Step 1: the design of model data frame entirety, mainly for explicitly defining for mode input data;
Step 2: data prediction design carries out further processing processing mainly for mode input matrix is generated;
Step 3: sample control design case, mainly for the sample data and label data in supervision machine study;
Step 4: model training design mainly establishes an algorithms library, the training data that step 2 is completed the process is as defeated Enter, then, calls the algorithm in algorithms library, that is, produce corresponding machine learning model;
Step 5: test data is inputted in trained each model and calculates acquisition prediction knot by model evaluation design Fruit compares the otherness of the target item and prediction result in test data.
Further, the method for the model realization framework based on supervision class machine learning algorithm, wherein the step Mode input data are divided into target item and characteristic item in rapid 1, wherein target item is the object that model needs to predict, passes through industry Business demand confirms such object;Characteristic item be then for carrying out model training multi-dimensional matrix, it is every in characteristic item One dimension all has certain influence to prediction target item.

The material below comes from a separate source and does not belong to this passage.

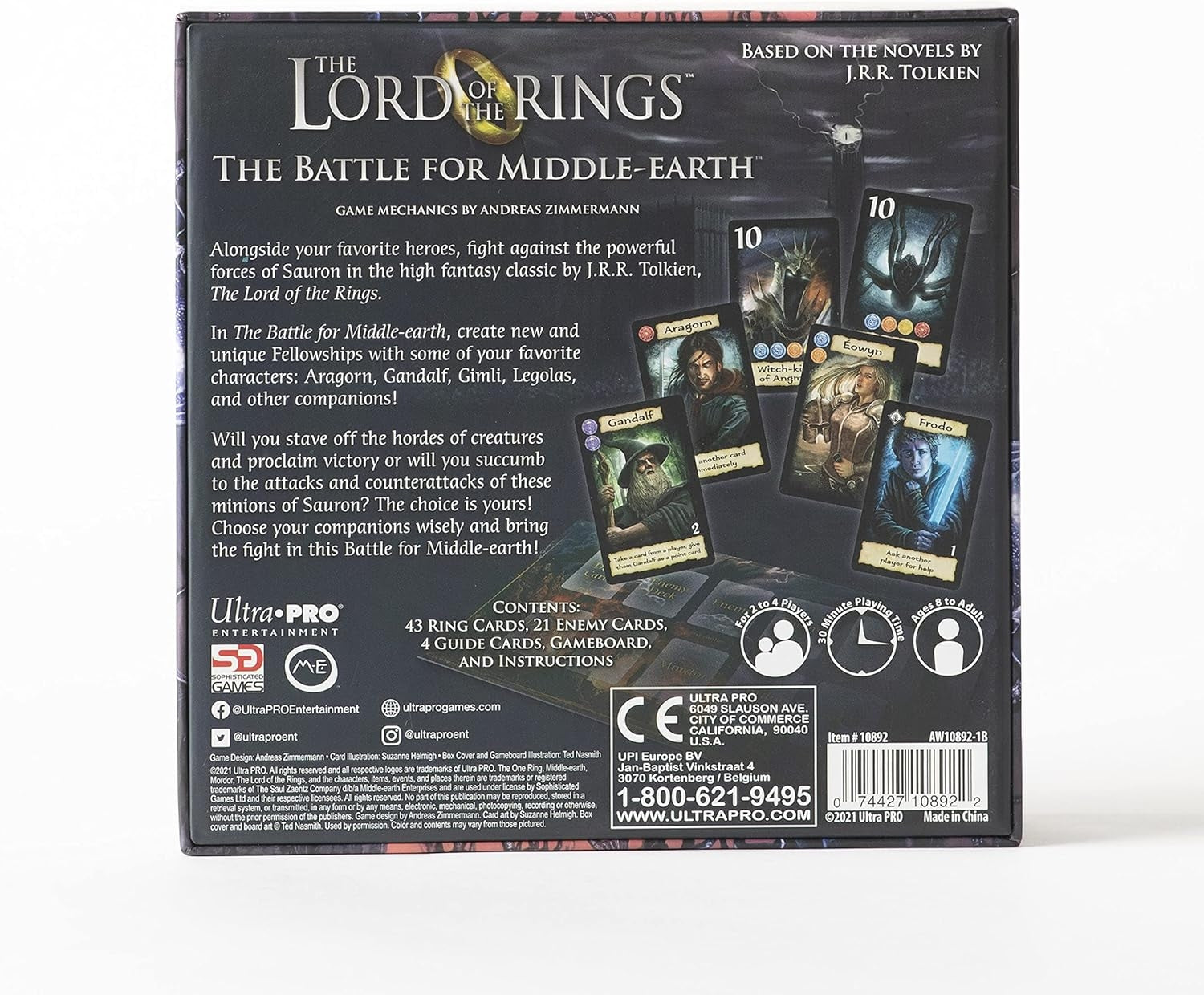 Fight along side your favorite heroes from JRR Tolkien's high fantasy classic, The Lord of the Rings, against the powerful forces of Sauron in The Battle for Middle-earth. To defeat your enemies, you must create your own Fellowships of Companion Cards and send them into battle. Despite having numerous Companions to aid your attack, the Eye of Sauron is always vigilant and you must beware of a Counterattack by the Enemies of Mordor. The player who defeats the most dangerous Enemies, and collects the greatest number of victory points, wins the game.

Further, the method for the model realization framework based on supervision class machine learning algorithm, wherein described Processing mode in step 2 the following steps are included:
1, deletion row records duplicate data sample or any one column missing values are more than 50% characteristic series;
2, the basic conversion of correlated characteristic column;
3, pass through the characteristic series of some continuous types of the related dummy variable discretization of design or classifying text type;
4, the processing of exceptional value deviates excessive data point for arranging, and is directly deleted or assignment again;
5, it is calculated with the multiple characteristic series of specific logical association, generates new characteristic series;
6, data are carried out by lateral division with certain rule, is respectively defined as training data and test data.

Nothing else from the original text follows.